After leaving Peng Dehuai's camp, the three immediately faked Mao Zedong's order to lure both Wang Zuo and Yuan Wencai to the supposed meeting to discuss the military situation. But once Wang Zuo and Yuan Wencai reached the meeting, they were shot in obscure circumstances, allegedly ambushed while trying to rebel. Wang managed to escape out a window but drowned whilst attempting to cross a river.

As early as October of that year, Mao Zedong criticized the officials in power of the Jiangxi Soviet for the assassination of his old allies. Just who gave the order for the death of Wang Zuo, however, is still not clear, although a number of officials of the Jiangxi Communist Party were implicated. Wang Yunlong (王雲隆), Wang Zuo's younger brother and an officer of the 32nd Regiment, became the new leader of his brother's men, and defected to Kuomintang, taking many former Yuan Wencai's men with them. After Wang Yunlong's death, Wang Zuo's son became the leader and it was not until nearly two decades later in 1949 when the communists were finally able to retake Jinggangshan.

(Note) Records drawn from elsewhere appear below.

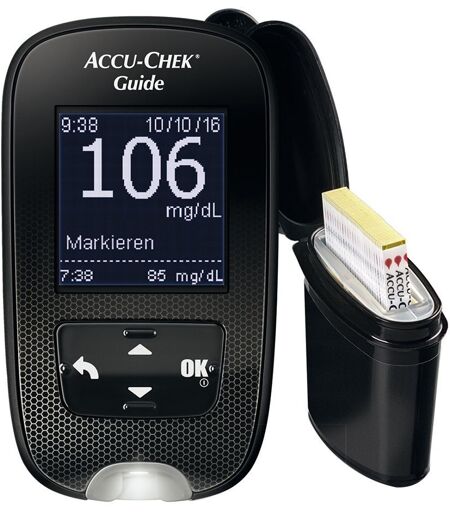 InhaltACCU-CHEK® Guide Messgerät mit Batterien10 ACCU-CHEK® Guide Teststreifen1 ACCU-CHEK® FastClix Stechhilfe1 ACCU-CHEK® Fastclix Lanzettentrommel mit 6 Lanzetten1 EtuiGebrauchsanweisung Zur Selbstanwendung geeignet. ACCU-CHEK® Guide System zur Blutzuckermessung. ACCU-CHEK® Guide macht vieles leichter Leichter Teststreifen handhaben dank der innovativen Teststreifenbox Leichter Blut auftragen durch die breitere Blutauftragsfläche Leichter im Dunkeln messen durch den beleuchteten Teststreifeneinschub Leichter hygienisch Teststreifen entsorgen durch den Auswurfknopf Wählen Sie aus 20 Sprachen u.a. Deutsch, Englisch, Italienisch, Russisch oder Türkisch. ...
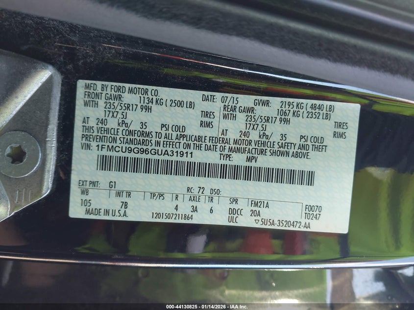 VIN: 1FMCU9G96GUA31911
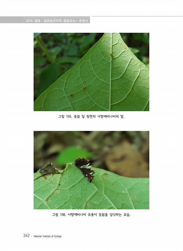 2015 생태·경관보전지역 정밀조사 운문산 342 ? National Institute of Ecology 그림 155. 등칡 잎 뒷면의 사향제비나비의 알. 그림 156. 사향제비나비 유충이 등칡을 섭식하는모습.
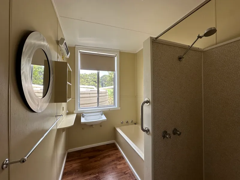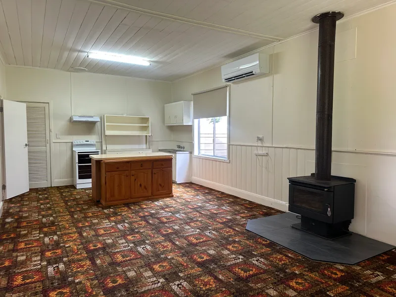 To the right, the open-plan living and dining area offers a welcoming space for relaxation. The lounge features a cosy wood heater and a reverse-cycle system, ensuring year-round comfort. The adjoining kitchen is practical, with an electric oven, cooktop, and just the right amount of storage.
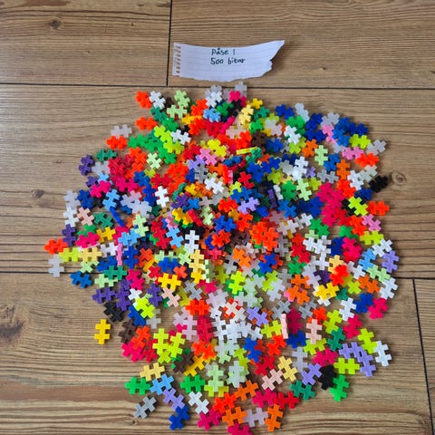 Paketet innehåller även Plus Plus grundbyggset med färgglada byggbitar och 2 st gröna byggplattor i mycket fint skick. Setet innehåller små plastbitar i flera olika färger som kan sättas ihop till två- och tredimensionella figurer. Med följer även en instruktionsbok med förslag på modeller att bygga. Passar för barn som vill träna finmotorik, form- och färgigenkänning samt kreativt byggande. Rekommenderad ålder från 5 år.
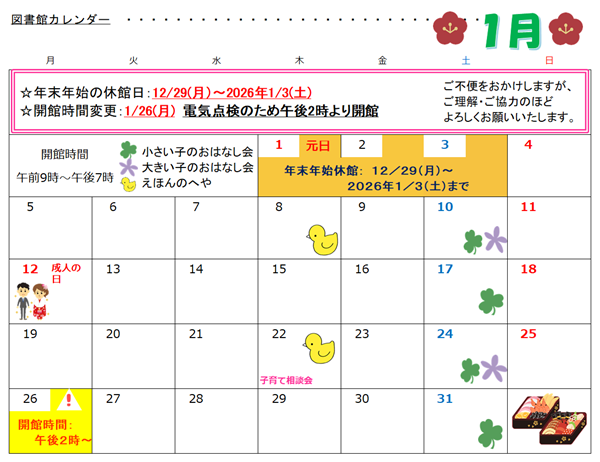 【日時】第4木曜日 えほんのへや実施前後の午前10時から12時頃まで
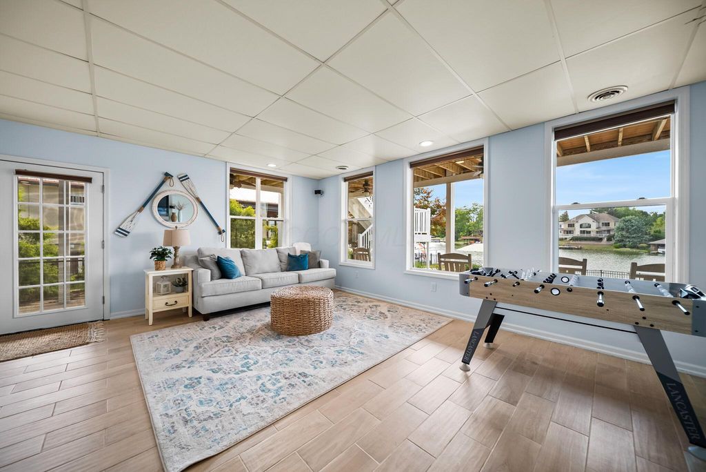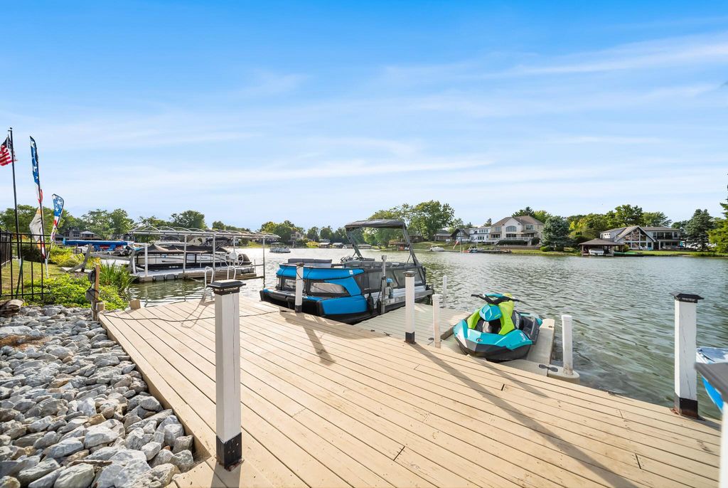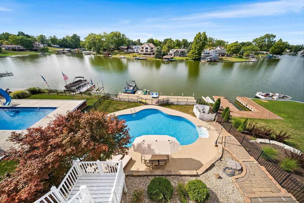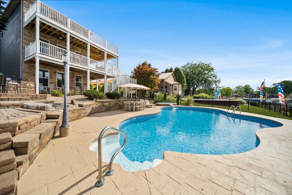 Welcome to one of Choctaw Lake's most iconic homes and a true standout in both style and setting. Nestled directly on the water, this stunning three-story retreat offers 3,700 square feet of beautifully designed space with four bedrooms plus a den/office (or a possible fifth bedroom) and three-and-a-half baths. The home captures attention with its striking presence and charm, inviting you to step into a lifestyle that feels like vacation every day. Being sold fully furnished, boat & lake toys included, this is a rare opportunity to enjoy lake living from day one. Sunlit interiors open to panoramic water views, while spacious gathering areas create the perfect backdrop for quiet moments & lively entertaining. Step outside to your private paradise featuring a sparkling pool with spillover spa, outdoor kitchenette, and take in breathtaking sunsets over the water on one of the two wraparound decks. The 3-car garage and storage shed ensure plenty of space for all your gear and adventures. Whether you're seeking a year-round residence or the ultimate weekend escape, this property offers the best of both worlds: luxury, leisure, and the magic of lakefront living.
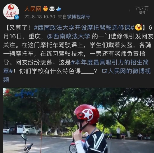 近日,西南政法大学的摩托车选修课走红,引起了《人民日报》、《北京青年报》在内的多家媒体的竞相报道。
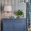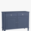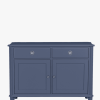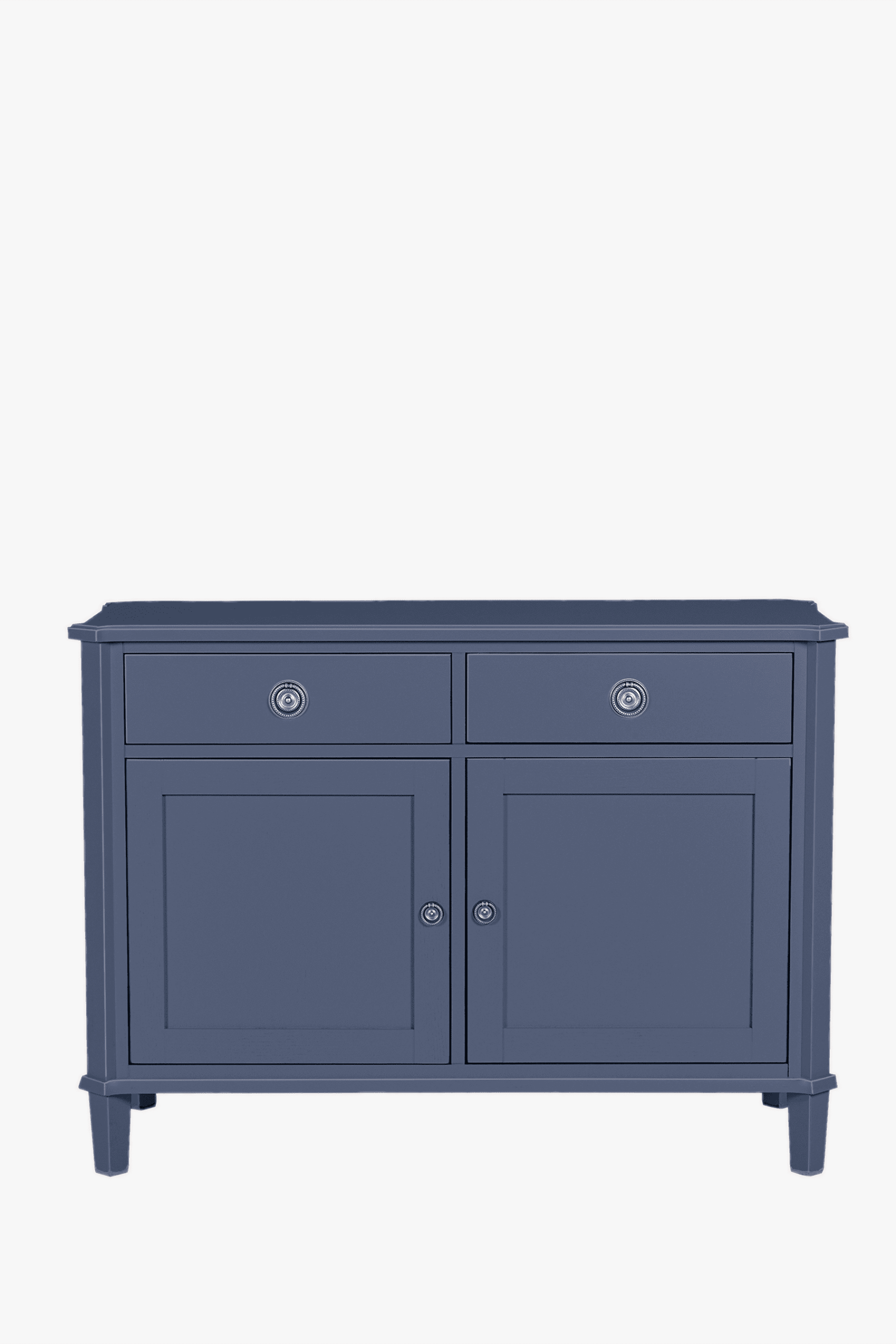 The imposing Laura Ashley Henshaw 2 Door 2 Drawer Sideboard would add sophistication to any décor. It features two good-sized drawers and two cupboard sections each fitted with an adjustable shelf for convenience. It is crafted from solid wood with veneered elements and modern materials and is hand painted. A clear lacquered finish provides for low maintenance and completing the appearance is subtle distressing to the edges giving the unit an aged effect. Only the legs need to be attached to begin enjoying this piece; full assembly is not required.

After 1949, both Yuan and Wang were marked as examples of ideologically reformed bandits who had been transformed into Communist soldiers. Both were recognised as martyrs of the Chinese Communist Revolution. When Zhu De visited Jinggangshan in 1962 and Mao Zedong in 1965, both called upon Yuan Wencai's elderly widow Xie Meixiang (謝梅香). In 1986, his grave was moved to the newly constructed Jinggangshan Martyrs Cemetery. Although Peng Dehuai was not directly involved in the death of Yuan Wencai and Wang Zuo, as proved by the history, that did not prevent Mao Zedong from blaming the affair on Peng. Peng Dehuai was persecuted thirty years later for the death of Wang Zuo and Yuan Wencai. This was one of the alleged crime Peng committed against Mao, and this alleged crime again appeared during the Cultural Revolution when Peng Dehuai was struggled by the Red Guards.